1. Field of the Invention
Quantitative and qualitative determination of amino acids in protein hydrolysates, body fluids and other physiological samples, is normally accomplished by employing ion-exchange chromatography using a cationic or anionic exchanger column. The analyte is placed on the column at a pH of about 3, at which pH the individual amino acids are positively charged. The column is then developed by gradually increasing the pH and ionic strength of the buffers with which the column is eluted.
As the column is developed, the acidic amino acids are removed from the resin first, followed by the neutral amino acids, and finally by the basic amino acids. As the amino acids are eluted from the column, they are reacted with ninhydrin or a fluorescer and the resultant color or fluorescence intensity is measured spectrophotometrically. Several automatic amino acid analyzers are commercially available which automatically separate the amino acids on an ion exchange column, contact the separated amino acids with ninhydrin, heat the mixture to develop the color, record the color intensity, at selected wavelengths, usually 440 nm and 570 nm, and plot the intensity on a graph. The identity of each amino acid is established on the basis of its migration characteristics and thus its position on the chromatogram; and the amount of amino acid is estimated quantitatively on the basis of the area under each peak of the curve as compared to that of a standard mixture.

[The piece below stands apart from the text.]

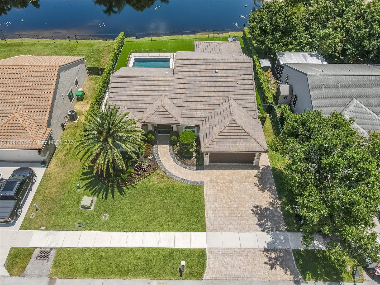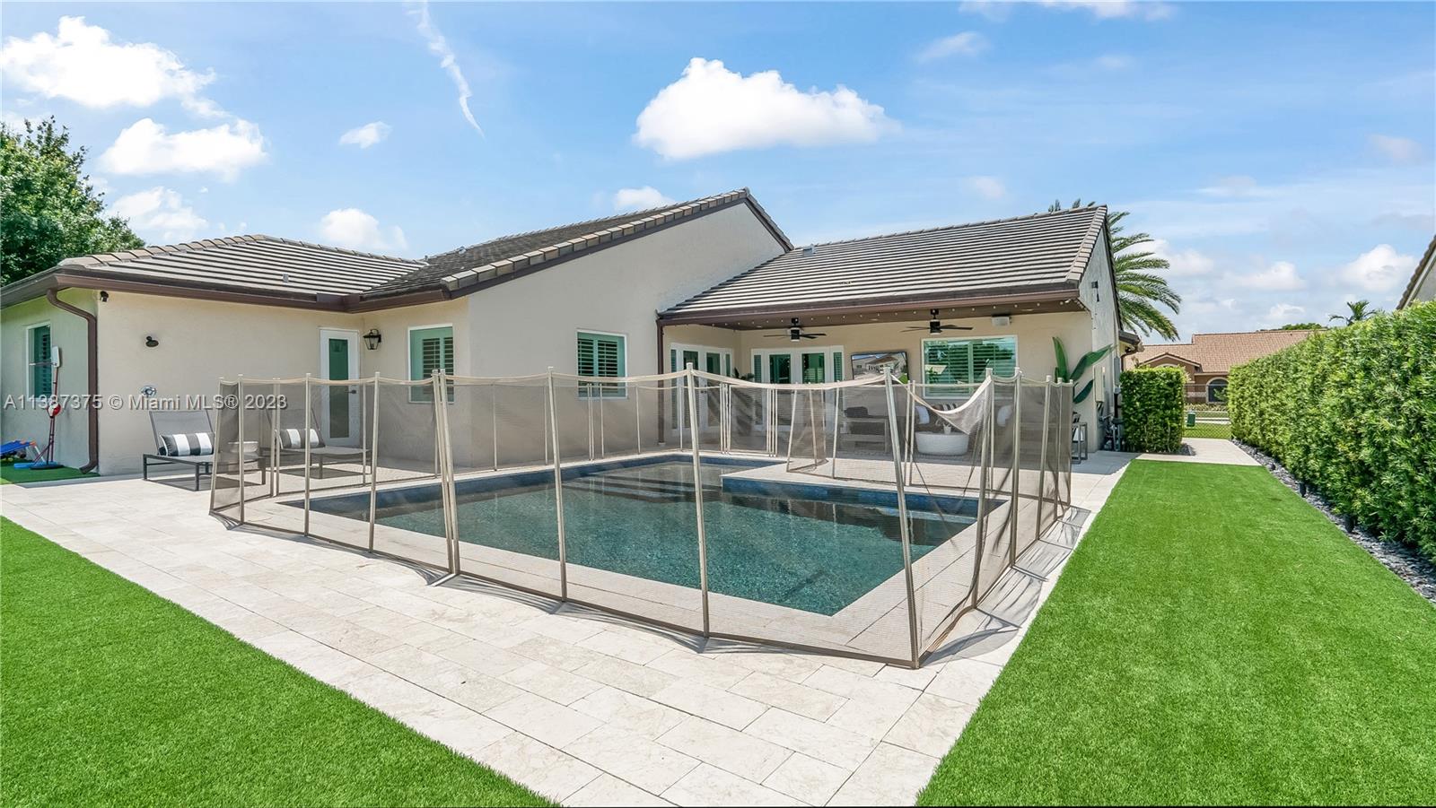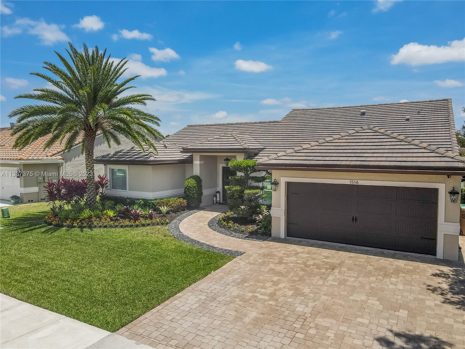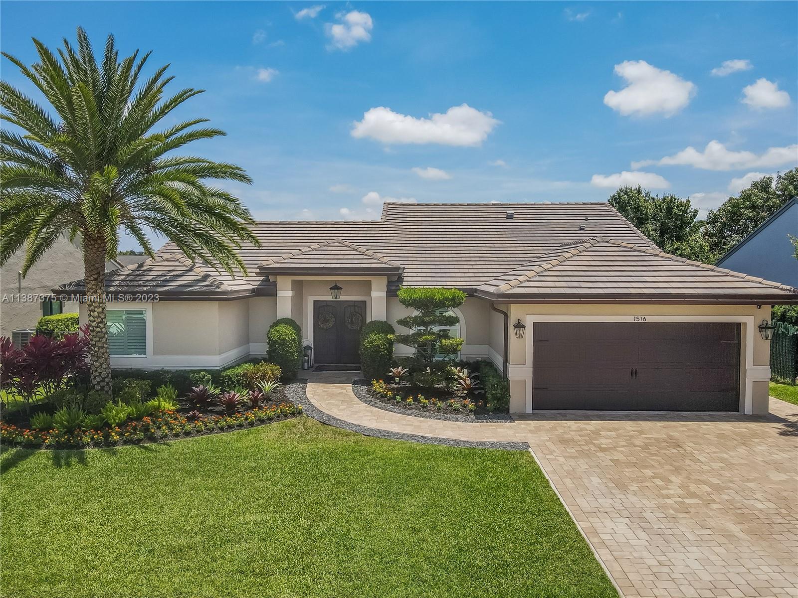 Marvelously Stylish and Upgraded Home with Heated Swimming Pool! Situated in a coveted community only ½ mile from excellent schools, this 4BR/3BA, 2,300+sqft property dazzles with lush tropical greenery and a custom paver driveway. Only updated by licensed contractors with appropriate permits, the interior features an open concept floorplan, plantation shutters, automatic blinds, and a gourmet kitchen with highly-rated GE Monogram appliances. Gather outdoors in the fenced-in and fully-turfed backyard, which has a heated PebbleTec pool with LED lights (controlled by app) and a covered lanai. Find tranquility in the primary bedroom with a California closet and chic en suite. Other features: insulated 2-car garage w/built-ins, newer roof (2018), near shops, and more! Call now for your tour!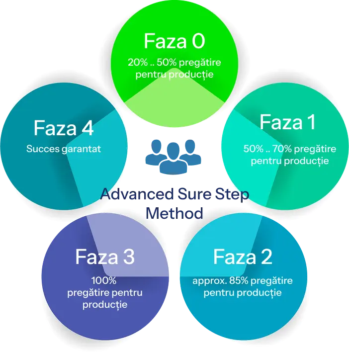 Punem bazele cu un sistem complet funcțional. Configurăm și integrăm sistemul, încărcăm date actualizate, simulăm procese și creăm un plan comun. Aceasta reduce riscurile și consolidează sprijinul stakeholderilor.

In the development of a ninhydrin reagent for use in the automatic amino acid analyzers, there are several factors that need to be considered. Ninhydrin is not very soluble in aqueous media and solutions of ninhydrin are very unstable under normal experimental condition being highly susceptible to oxidation. For practical purposes the reagent must include a water miscible, preferably colorless organic solvent which solubilizes the hydrindantin and ninhydrin, as well as the blue compound (diketohydrindylidenediketohydrindamine) formed by the reaction of ninhydrin with amino acids.
The organic solvent used should be nontoxic to avoid expensive ventilation. Also, the solvent should not react with any of the solution components or products. In addition, during use of the reagent, precipitation of any of the components must be avoided or lines in the analyzer will become clogged. The available ninhydrins all have one or more shortcomings.

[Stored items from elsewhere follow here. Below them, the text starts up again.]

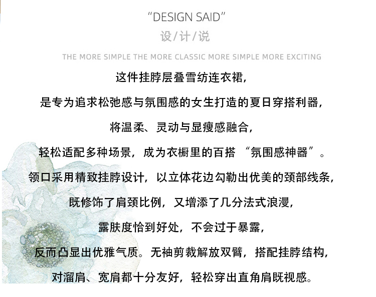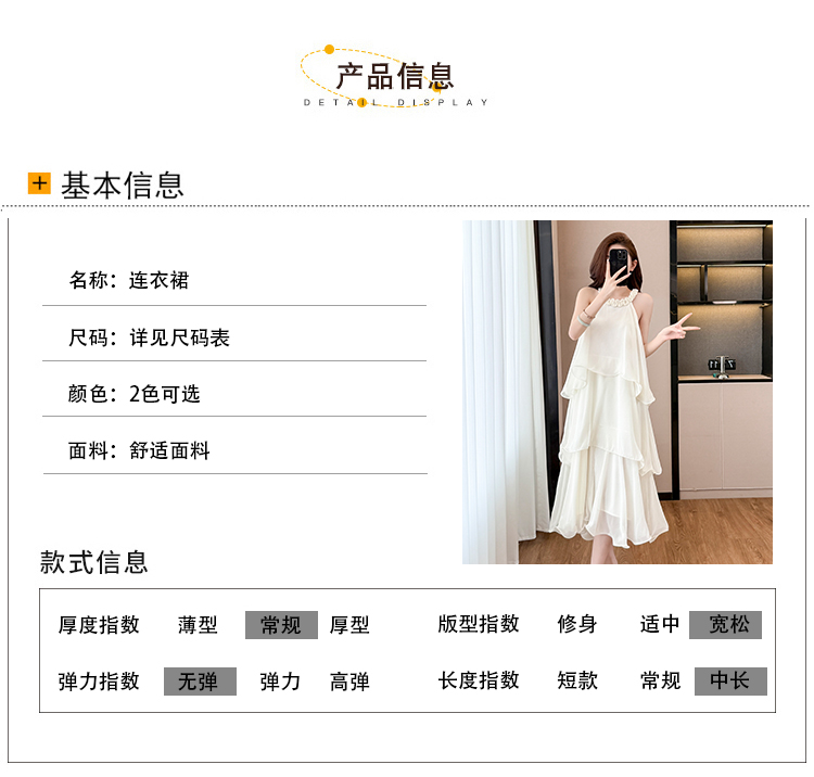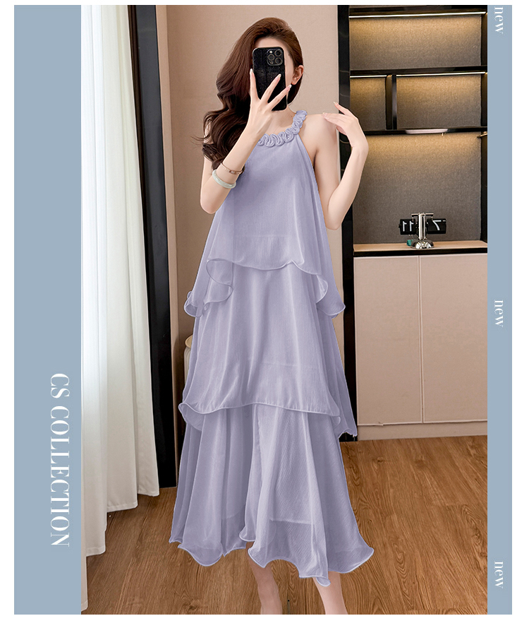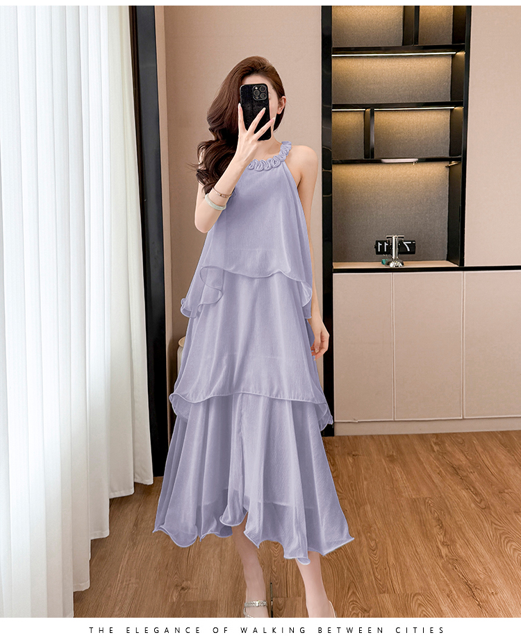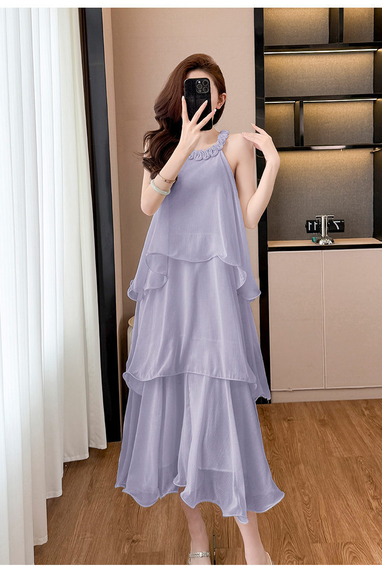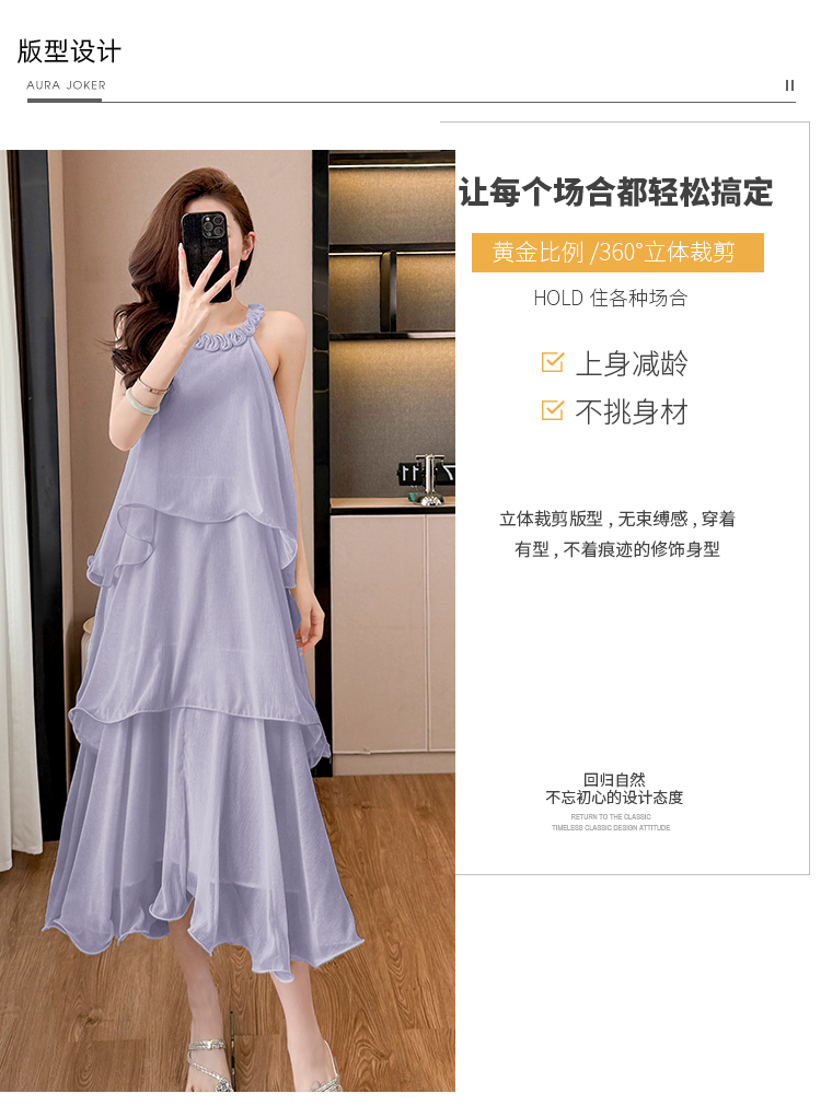 RY4259# 白玉兰春夏法式度假风名媛千金雪纺蛋糕裙气质无袖挂脖连衣裙夏
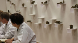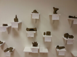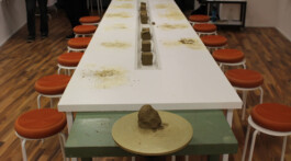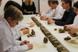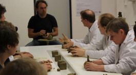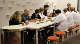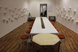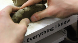 Wissen kneten (Kneading Knowledge) questions the role of haptic experiences in producing and absorbing thoughts. Different experts each hold a lecture for twelve participants at a specially designed table. The lecture should not be fully worked out in advance, but should develop further while speaking. The speaker and the listeners each hold a cube of clay in their hand. After twenty minutes of intense thinking together, very different 3d scribbles were created out of the clay. They were put on small platforms and presented in the room.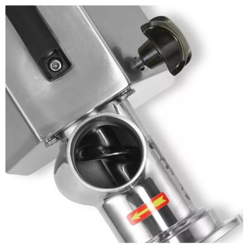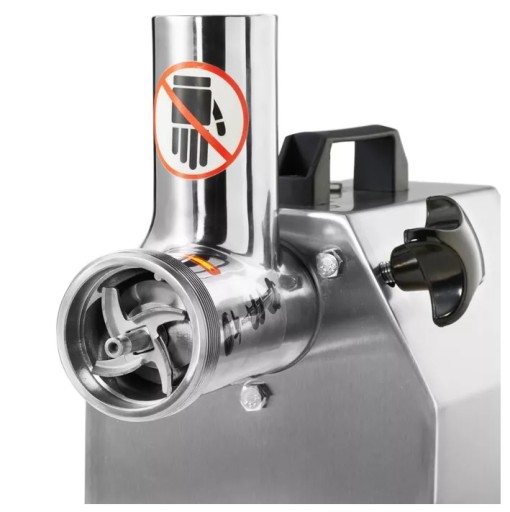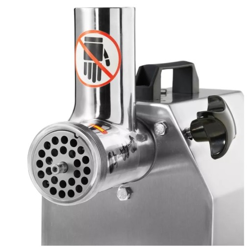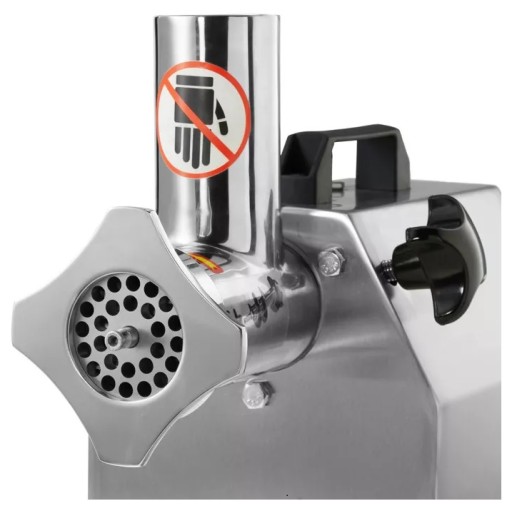 który miał kontakt z żywnością. Czyszczenie tej maszynki do mielenia mięsa jest proste. Całą część mielącą można wyjąć w celu łatwego czyszczenia. Luźne części, takie jak misa, pierścienie śrubowe, noże i tarcze można umieścić w zmywarce. Ponadto maszynka do mielenia mięsa jest wyposażona w gumowe nóżki, dzięki czemu pozostaje stabilna na miejscu podczas mielenia.

It would therefore be desirable to develop a ninhydrin reagent which would be stable to oxidation, which would exhibit pH and thermal stability, and a long shelf life. During analysis the reagent should provide flat base lines, sharp resolution, and good reproducibility of results.
2. Description of the Prior Art
Moore (J. Biol. Chem. 243, 6281 (1968)) teaches the use of aqueous dimethyl sulfoxide as a solvent for the ninhydrin reagent. Takahashi (J. Biochem. 83, 57 (1978)) teaches the use of sodium borohydride, in the preparation of a ninhydrin reagent, to prevent the formation of precipitates in the flow lines of the analyzer. Moore and Stein (J. Biol. Chem. 211, 907 (1954)) used methyl cellosolve (the monomethyl ether of ethylene glycol) as the organic solvent in ninhydrin reagents. The Merck Index, 8th Ed. lists sulfolane as an organic liquid which at 30.degree. C. is miscible with water and is used as a selective solvent for liquid-vapor extractions.